Because all her daughters were born with NAS, the adoptions qualified the girls for state medical assistance- healthcare provided by Tennessee government. This is the only way that Beth’s adoptions were feasible. “Wheelchairs are incredibly expensive without insurance,” she noted.
And that’s not even accounting for the unrelenting factor of time. Despite having five children under eight-years-old, all who entered her life within two-and-a-half years, Beth still only has 24 hours in a day. She said that on a normal week, they can have upwards of ten appointments between the five girls.
On a normal Tuesday morning, Beth sighs in relief at the click of three secured car seats. Then she hoists Ava’s wheelchair into the trunk before driving five chattering girls to drop off Ava and Sadie at school. Once she waves goodbye, Beth jumps in the car to double back to her house where she grabs the stroller for Mia and Lucy, since the wheelchair and the stroller don’t fit in the car at once.

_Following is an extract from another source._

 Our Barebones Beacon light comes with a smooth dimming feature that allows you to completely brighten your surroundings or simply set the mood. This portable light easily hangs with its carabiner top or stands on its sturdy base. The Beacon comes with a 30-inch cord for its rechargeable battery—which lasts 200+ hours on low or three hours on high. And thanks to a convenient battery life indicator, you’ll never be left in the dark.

Finally, she can head off with the other three girls to doctor’s appointments. Lucy has frequent gastrointestinal appointments, and Mia is watched for respiratory issues that hospitalized her in December. Depending on the day, when Beth picks up Ava and Sadie, it might be off to therapy for Nora, physical therapy for Ava and hopefully snacks somewhere in between.
While things didn’t necessarily play out like she’d imagined — there were no church services attended with her daughter’ biological families, and none of her youth were able to achieve reunification — relationships with her daughter’s birth families remain important to Beth. On the phone, she told me that she had scheduled a playdate with Nora and Lucy’s brothers next week. Beth is especially close with Nora and Lucy’s 18-year-old sister, Kirsten, who babysits the girls and has spent Thanksgiving with them. Whenever they can, Beth wants the girls to spend time with their biological families.

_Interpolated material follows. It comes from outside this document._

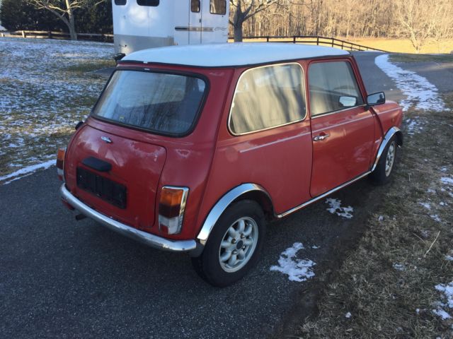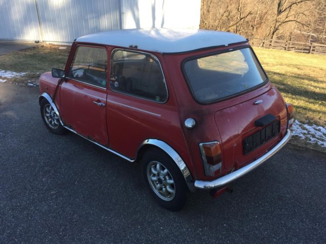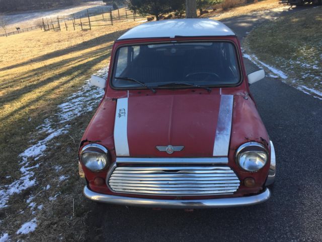 We believe this to be an early edition 1991 Mini Cooper. You are buying it as is, where is for parts or as arestoration project. It will come with bill of sale only! You can apply for a title...cost is $550........ IT NEEDS..... 1)Radiator support 5) front fenders 2)front floors 6) Muffler 3)D/S door 4)front facia, All these parts cost $1200, the door is $800, all the rest is only $400. If you can get a used door great! The engine turns over with a good battery, we decided not to put gas in it without checking for tank contamination first. The interior looks almost new, all seats are recovered and in good shape, carpet is all there, most of the wood trim is good, some of it on the dash is bad. Glass is all good, so are tires, wheels (5 of them), etc. This is close to being parts only, but we hate to not give it one more chance at LIFE! Not many of these real ones around, especially ones from the 90's. We can help with shipping, NO RESERVE....HIGH BID WINS........!!!

Beth said that nurturing these familial bonds has been hard at times, but for her, it’s a no-brainer. “I couldn’t look them in the eyes when they grow up and tell them, ‘I could have reached out to your family, but I didn’t because I didn’t feel comfortable, It’s not about me,” she says.
The coronavirus pandemic has shifted the global reality, and the same is true for the Schneiders. Beth has been left to the challenge of keeping the five girls occupied during quarantine. Beth is doing her best, hosting five-person fashion shows and dance parties, taking photos of the girls dressed up like princesses, but most importantly, she’s endlessly showing how she is there for them for the long haul.
Beth and her sister, who also fosters, plan to get matching tattoos that say, “We can do hard things.” Beth stands by this phrase daily, even when dishes pile up, when there are five appointments in one day, when the girls don’t understand their homework, when its bath time again, when diapers seem never ending, and when there are five girls at her feet begging for snacks.
Ultimately, it’s just another day of being there and being consistent for kids who deserve nothing less.